Requirement :: Using the records below, write out only the lines from the line containing "午前9時45分よりジュニアと" up to and including the line containing "As the rescue", exactly, with no pictures.

Stored data ::

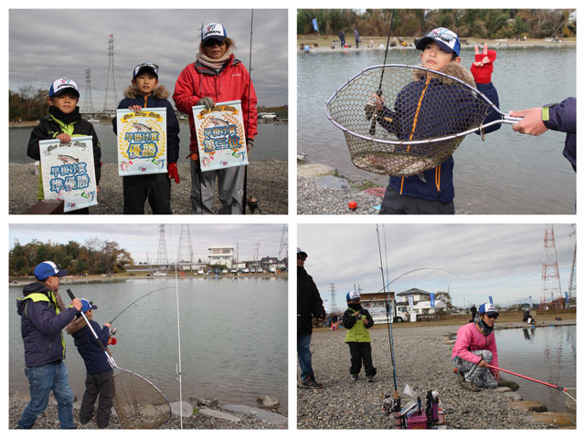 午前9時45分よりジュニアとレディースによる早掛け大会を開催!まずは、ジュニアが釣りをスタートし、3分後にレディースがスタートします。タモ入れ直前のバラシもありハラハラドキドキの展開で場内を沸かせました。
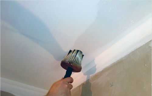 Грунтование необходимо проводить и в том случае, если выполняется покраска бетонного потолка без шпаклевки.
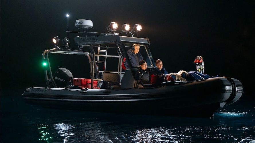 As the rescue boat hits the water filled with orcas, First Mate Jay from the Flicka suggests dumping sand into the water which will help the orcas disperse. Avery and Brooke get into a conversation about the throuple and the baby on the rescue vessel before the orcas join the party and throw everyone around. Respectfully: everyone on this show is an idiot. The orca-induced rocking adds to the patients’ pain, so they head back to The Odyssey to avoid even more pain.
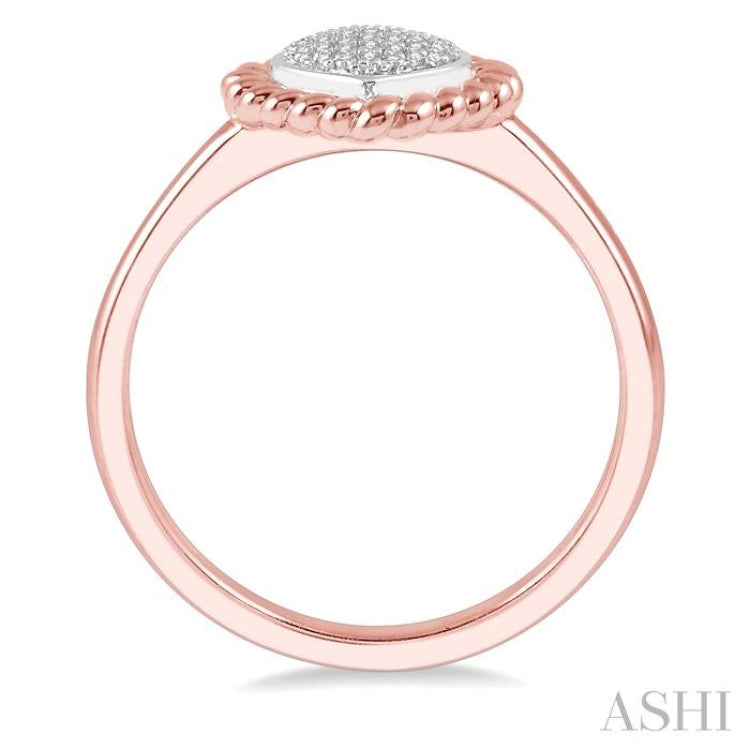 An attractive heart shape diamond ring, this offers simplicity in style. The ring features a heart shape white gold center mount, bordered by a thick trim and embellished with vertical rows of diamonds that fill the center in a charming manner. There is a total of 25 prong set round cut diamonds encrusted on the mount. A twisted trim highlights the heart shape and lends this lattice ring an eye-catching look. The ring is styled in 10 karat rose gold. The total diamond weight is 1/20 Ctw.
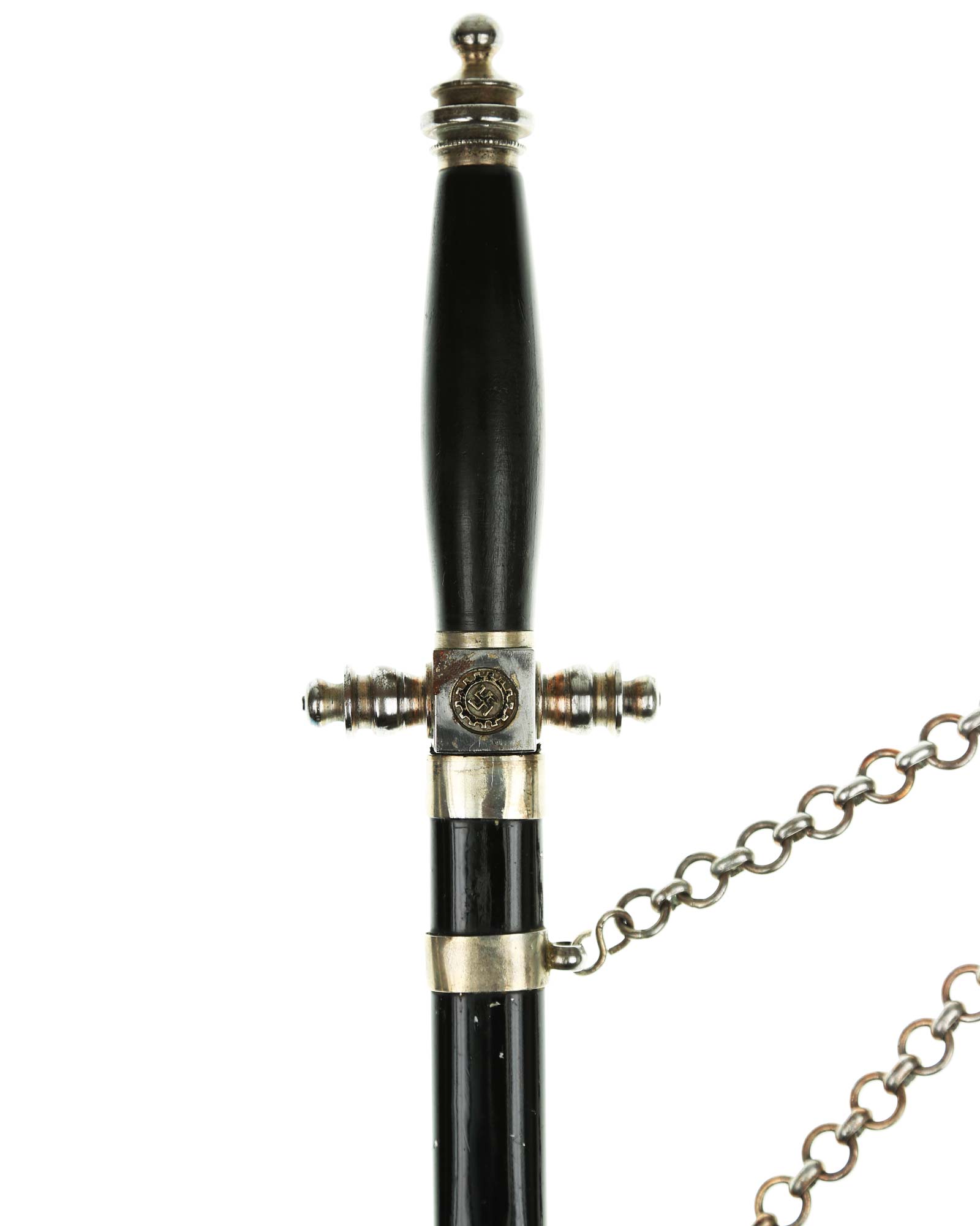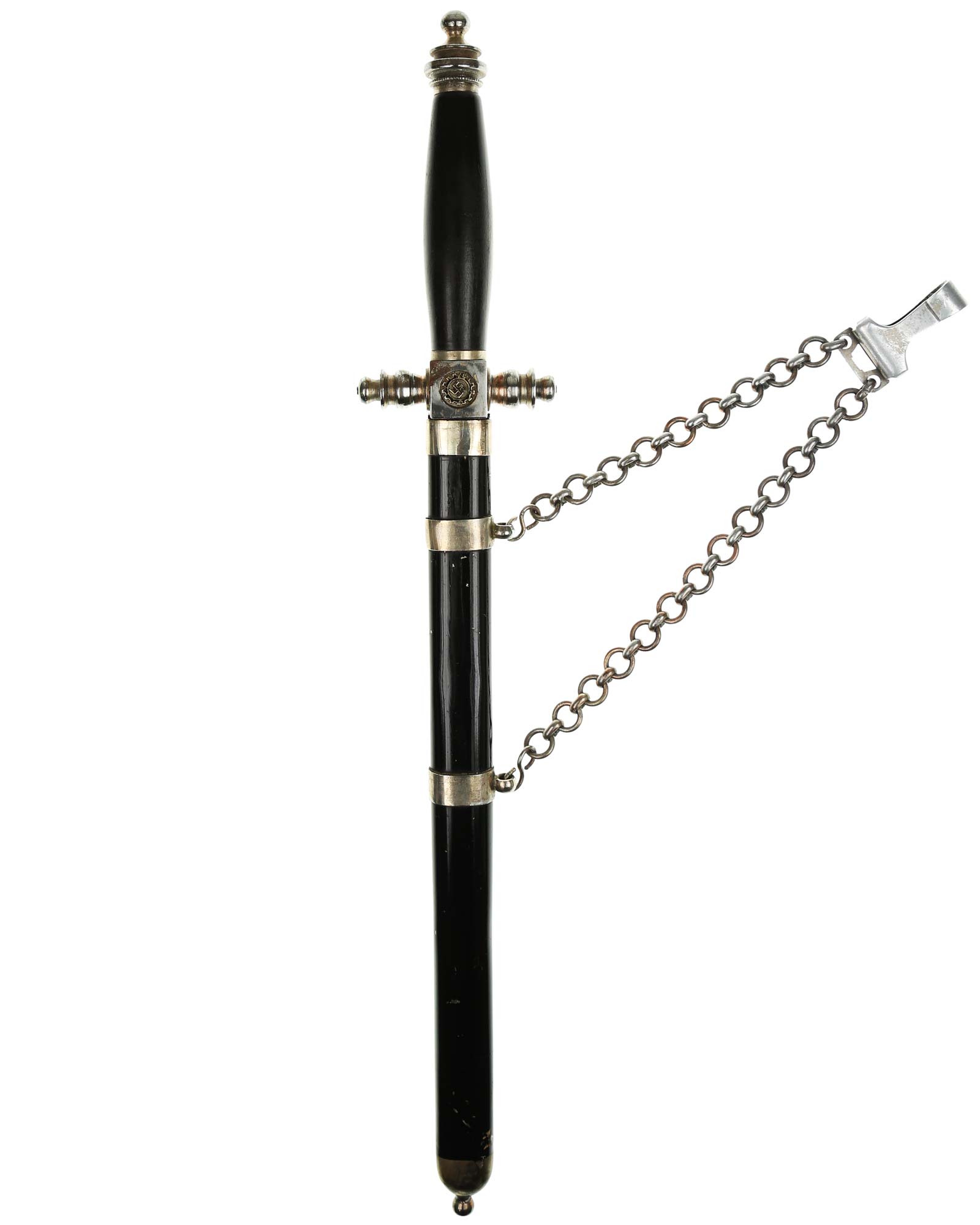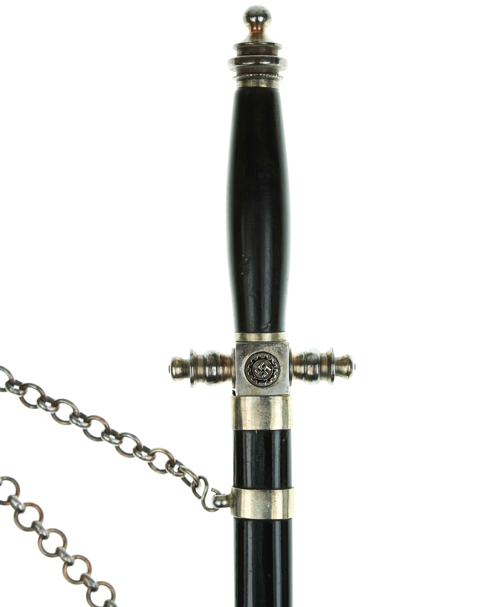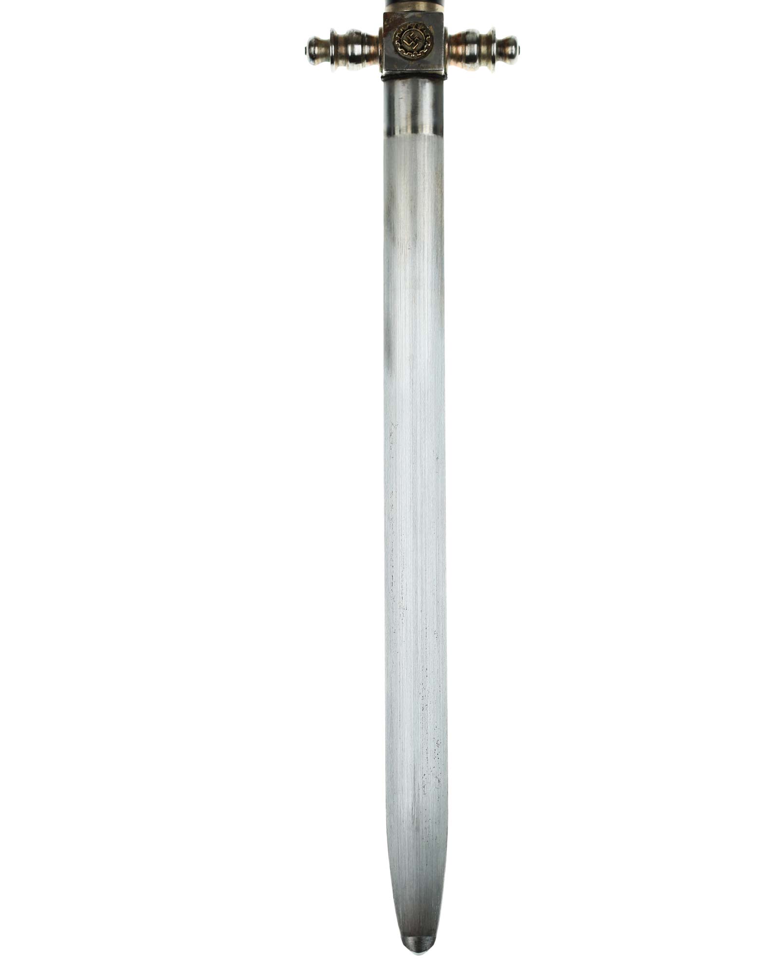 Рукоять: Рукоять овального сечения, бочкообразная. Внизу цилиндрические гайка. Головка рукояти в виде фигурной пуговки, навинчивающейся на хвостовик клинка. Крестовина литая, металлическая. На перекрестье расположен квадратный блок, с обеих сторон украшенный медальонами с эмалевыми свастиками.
---
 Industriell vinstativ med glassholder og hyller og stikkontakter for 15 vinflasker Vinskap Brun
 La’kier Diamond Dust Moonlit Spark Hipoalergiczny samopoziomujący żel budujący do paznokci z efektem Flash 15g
* * *
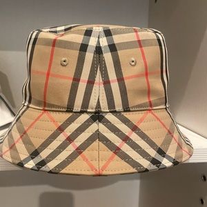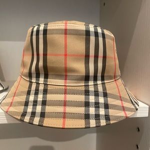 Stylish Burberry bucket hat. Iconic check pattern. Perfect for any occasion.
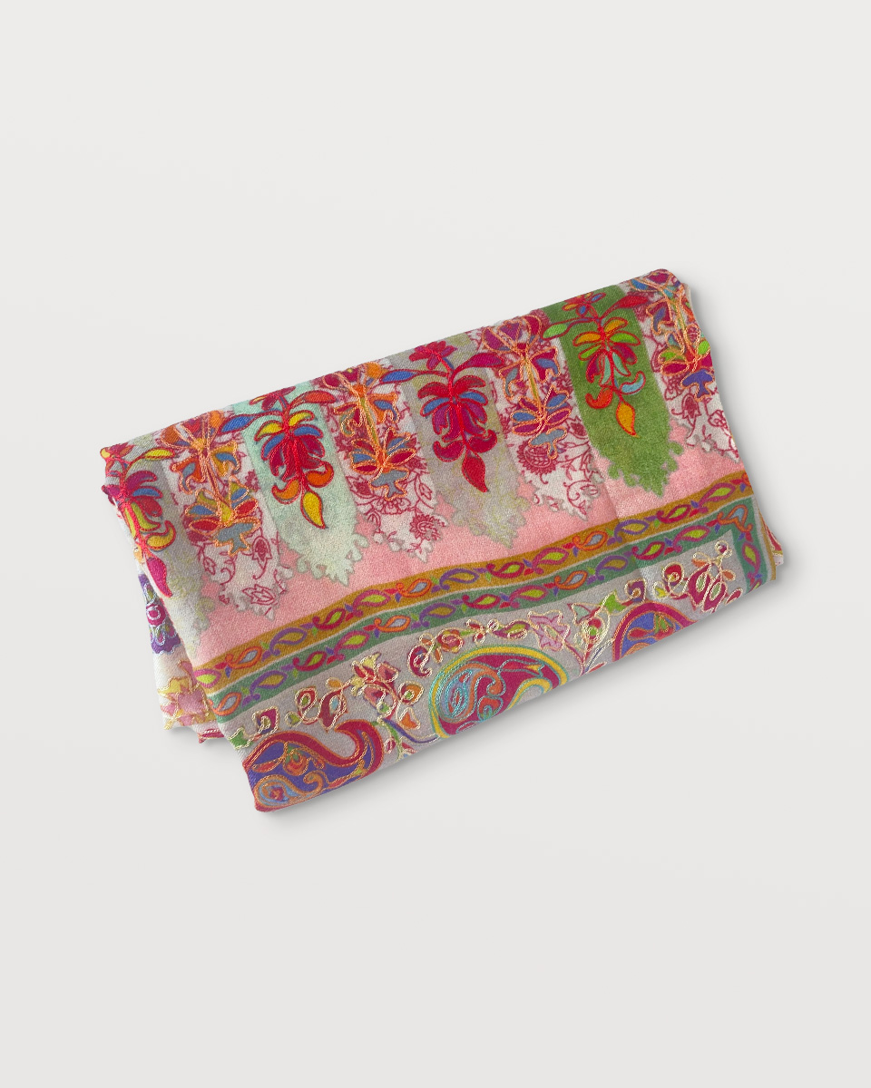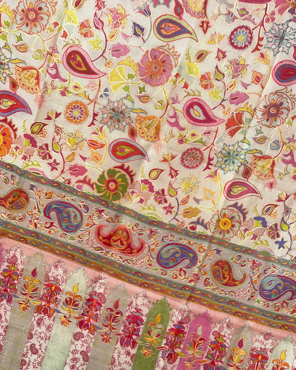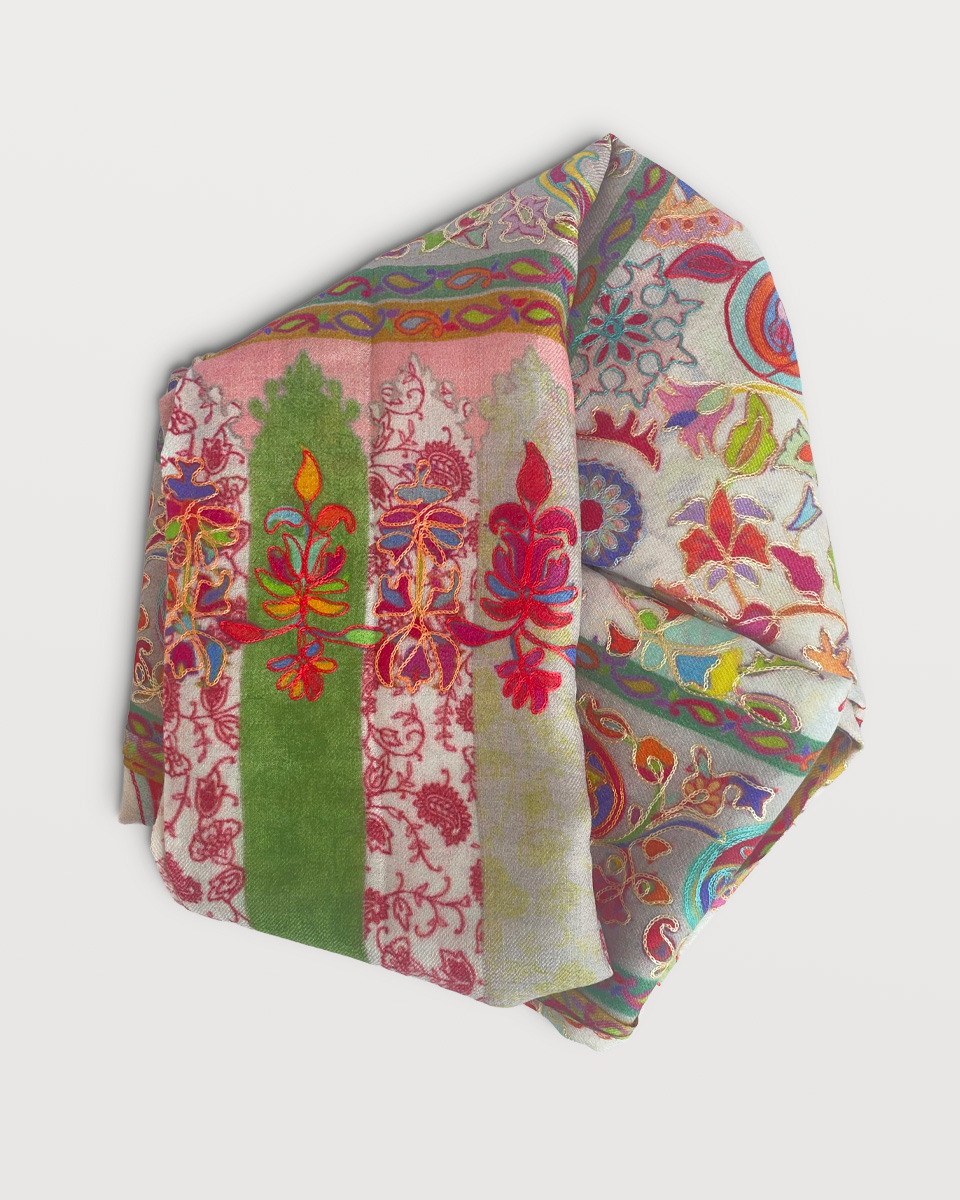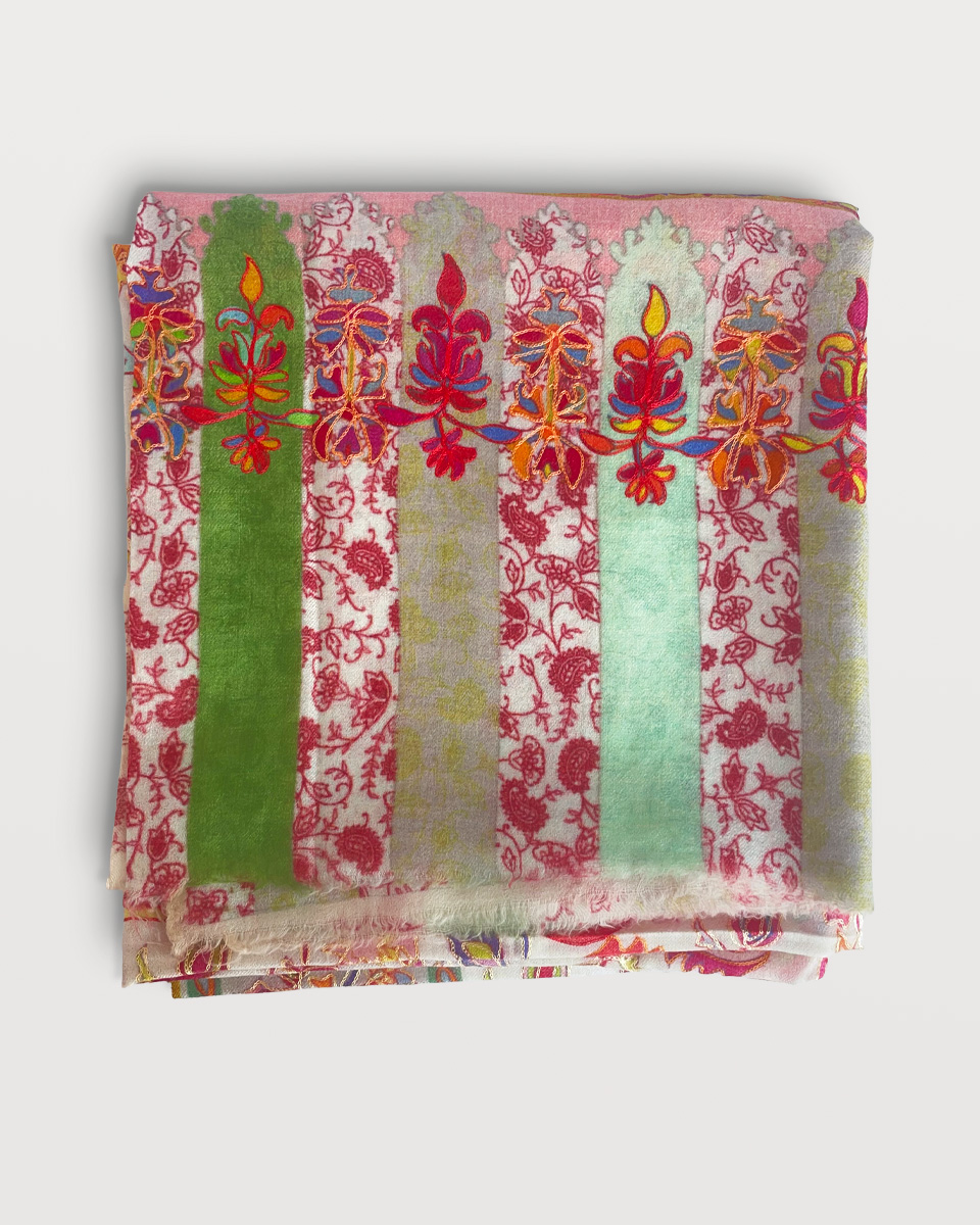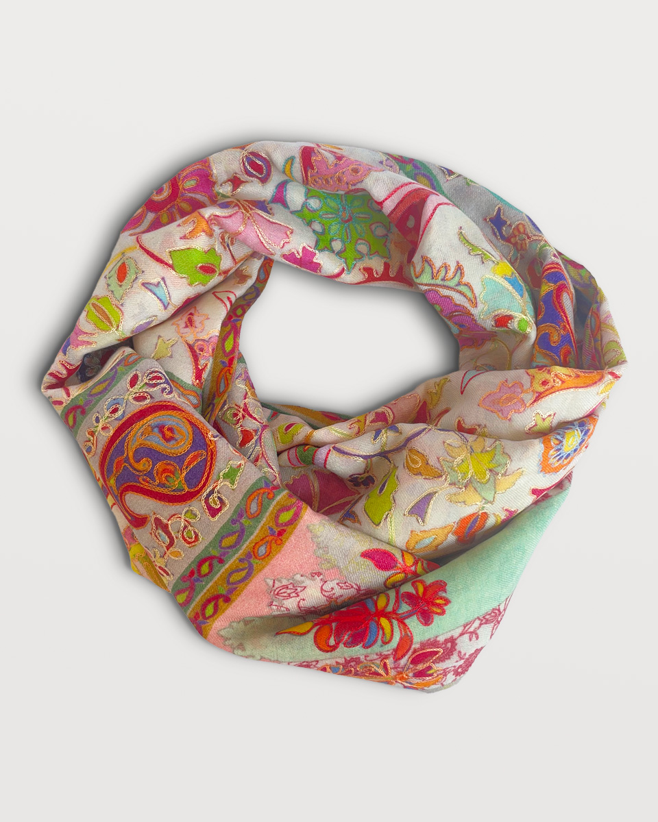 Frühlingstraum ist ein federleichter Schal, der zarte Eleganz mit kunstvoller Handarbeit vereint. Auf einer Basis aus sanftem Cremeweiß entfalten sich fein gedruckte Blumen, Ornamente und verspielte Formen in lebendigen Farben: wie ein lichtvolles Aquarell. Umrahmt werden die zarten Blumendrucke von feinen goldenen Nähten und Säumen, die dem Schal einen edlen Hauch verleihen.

Result ::
 午前9時45分よりジュニアとレディースによる早掛け大会を開催!まずは、ジュニアが釣りをスタートし、3分後にレディースがスタートします。タモ入れ直前のバラシもありハラハラドキドキの展開で場内を沸かせました。
 Грунтование необходимо проводить и в том случае, если выполняется покраска бетонного потолка без шпаклевки.
 As the rescue boat hits the water filled with orcas, First Mate Jay from the Flicka suggests dumping sand into the water which will help the orcas disperse. Avery and Brooke get into a conversation about the throuple and the baby on the rescue vessel before the orcas join the party and throw everyone around. Respectfully: everyone on this show is an idiot. The orca-induced rocking adds to the patients’ pain, so they head back to The Odyssey to avoid even more pain.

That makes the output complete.